Javier Fuentes, Vice President and Creative Director at Vidal Partnership, began his career as a copywriter in Madrid at Publicis Grupo K. Previous to working at Vidal Partnership, Fuentes was at Lapiz—the Hispanic Division of Leo Burnett—to work on the Coca-Cola account. He has served as a judge at FIAP (Festival Iberoamericano de Publicidad), The ADDY Awards and the Radio Mercury Awards. His work has been recognized in advertising festivals such as: FIAP, Ojo de Iberoamerica, Radio Mercury Awards, Festival de San Sebastian, and AdAge/Hispanic Advertising Awards, among others. Since 2006 Fuentes is a member of the Creative Committee for the Ad Council. He’s currently enrolled in the MFA program in Creative Writing at Columbia University.

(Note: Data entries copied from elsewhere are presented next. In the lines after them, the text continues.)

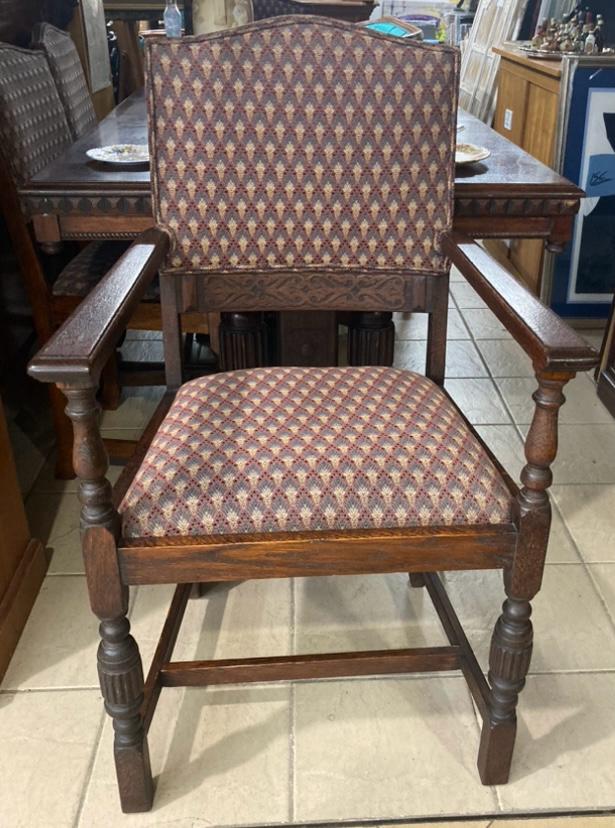 Nice quality early 20thc English oak Jacobean style heavy extending table with six chairs. Urgent sale.
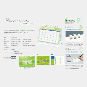 TS-100 グリーンエコカレンダー 白台紙(フルカラー) 名入れカレンダー
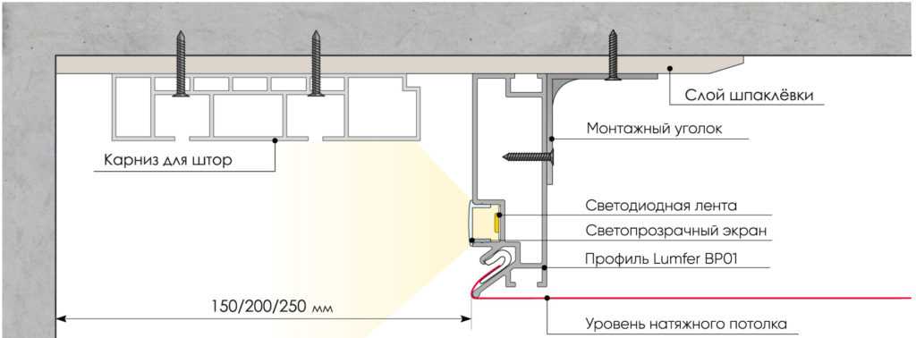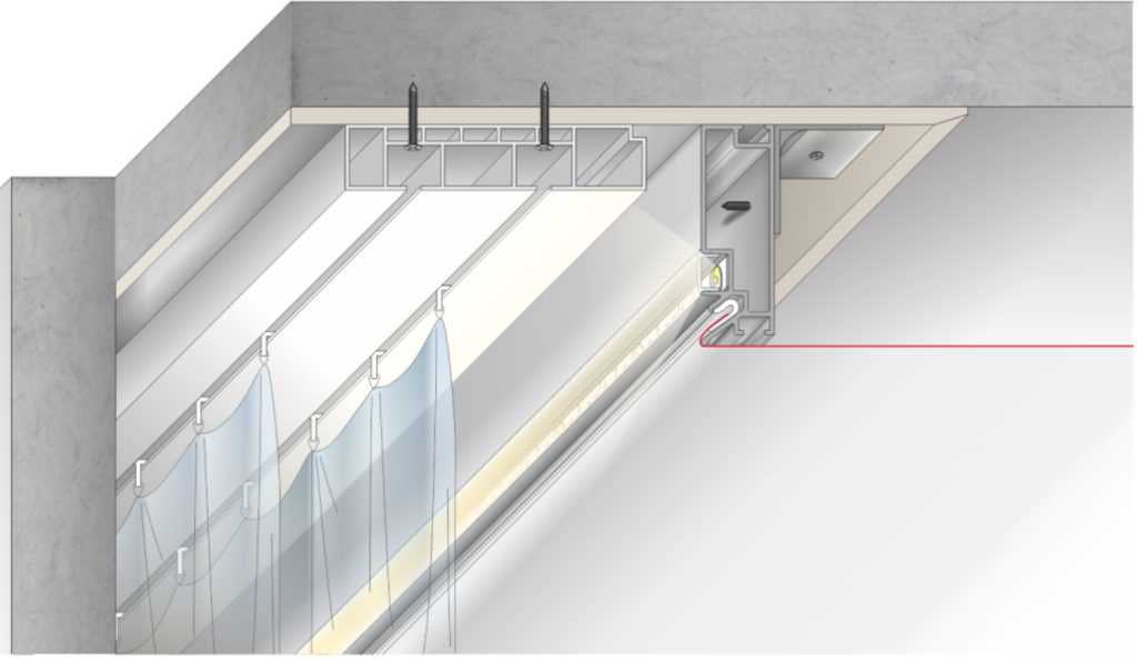 При помощи профиля Lumfer BP01 можно изготовить нишу под карниз с подсветкой и без нее. Ниша должна быть подготовлена- зашпаклевана или выкрашена в белый цвет. Профиль Lumfer BP01 устанавливается вертикально на заданном расстоянии от стены ( расстояние рассчитывается с учетом объема штор и отступа от радиаторов, ширины карниза). Подсветка устанавливается в паз профиля и закрывается специальным светопрозрачным рассеивателем. Полка ниши для штор не закрывается натяжным потолком. Возможно установить нишу для штор вдоль нескольких смежных стен, угол между которыми более 80 градусов.
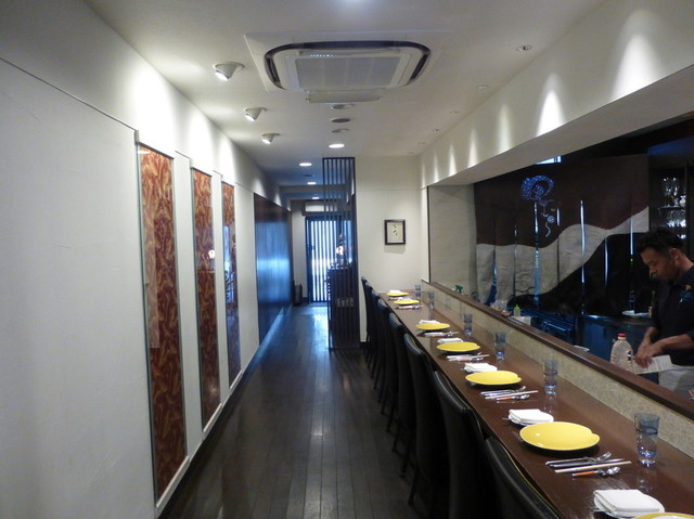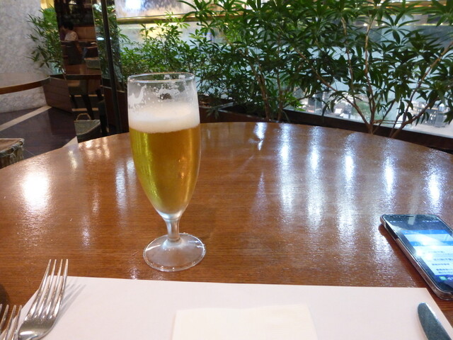 その店は開放的で明るい清潔なお店でした。案内されたのは滝の見える席で、レストラン街の中心に涼しげな水の流れを配置。注文したビールを飲み干す、うまい!千葉の最終はコース料理を注文。

Q: In your line of work, have you found that a different sensibility is required when communicating visually to a bilingual market?

A: I don’t think that you need a different sensibility but you definitely need to understand the different cultural insights that play a role in the way you communicate with your target.

Q: We’ve been asking this question to all our panelists; what do you view as the role of the Hispanic creative professional in contemporary America?

A: I think that the role of Hispanic Advertising is changing rapidly. There’s a trend that demands more creatives that not only can navigate in both worlds, but that are also fluent in both languages. As the Latino target becomes the bigger part of the pie, we are going to see a shift in the the way brands communicate with their consumers.  Take McDonald’s, for example.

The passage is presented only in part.